Task brief: Look through the listing below for the line with "手前の小祠も馬頭観音のようで" and the line with "The memorial survived". Copy both, along with every line between them, exactly and with no pictures.

Data listing:
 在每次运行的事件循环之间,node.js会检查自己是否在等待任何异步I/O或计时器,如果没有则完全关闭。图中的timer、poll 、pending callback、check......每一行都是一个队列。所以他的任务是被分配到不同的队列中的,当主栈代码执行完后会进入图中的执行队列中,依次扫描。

==

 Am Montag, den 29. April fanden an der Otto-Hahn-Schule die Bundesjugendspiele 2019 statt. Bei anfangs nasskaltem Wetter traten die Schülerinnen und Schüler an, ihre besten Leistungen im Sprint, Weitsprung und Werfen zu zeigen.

--

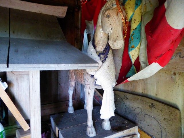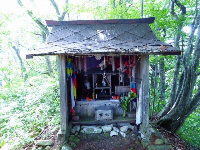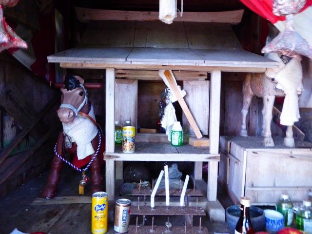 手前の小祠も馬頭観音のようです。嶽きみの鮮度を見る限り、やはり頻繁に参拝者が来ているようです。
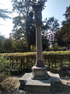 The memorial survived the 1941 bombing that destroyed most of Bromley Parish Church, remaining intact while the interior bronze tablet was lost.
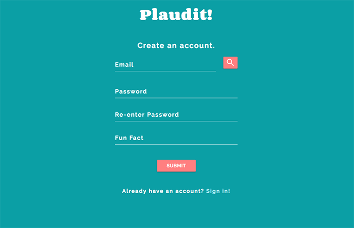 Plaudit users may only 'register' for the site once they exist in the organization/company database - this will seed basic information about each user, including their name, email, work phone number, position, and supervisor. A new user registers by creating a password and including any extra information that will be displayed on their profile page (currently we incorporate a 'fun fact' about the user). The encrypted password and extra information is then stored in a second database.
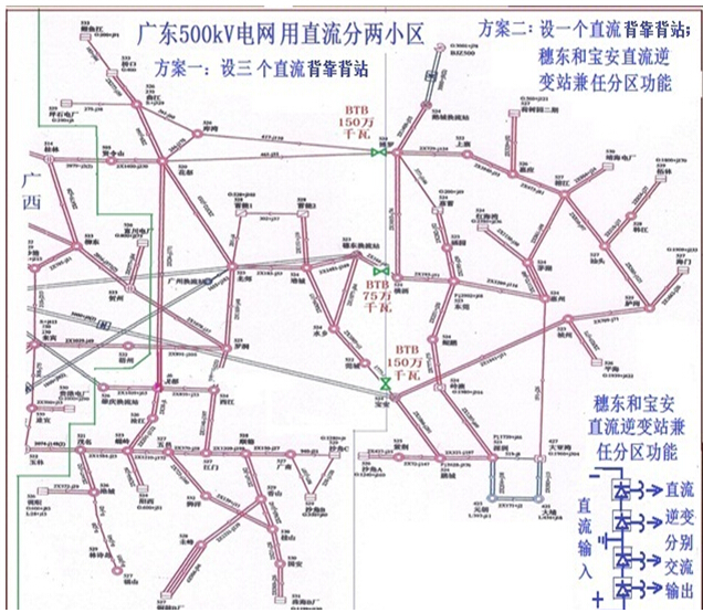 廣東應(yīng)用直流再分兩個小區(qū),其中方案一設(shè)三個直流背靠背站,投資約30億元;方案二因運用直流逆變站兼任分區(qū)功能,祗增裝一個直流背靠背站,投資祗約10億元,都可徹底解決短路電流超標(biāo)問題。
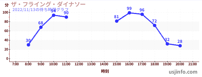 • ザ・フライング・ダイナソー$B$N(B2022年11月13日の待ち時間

Answer to this exercise:
 手前の小祠も馬頭観音のようです。嶽きみの鮮度を見る限り、やはり頻繁に参拝者が来ているようです。
 The memorial survived the 1941 bombing that destroyed most of Bromley Parish Church, remaining intact while the interior bronze tablet was lost.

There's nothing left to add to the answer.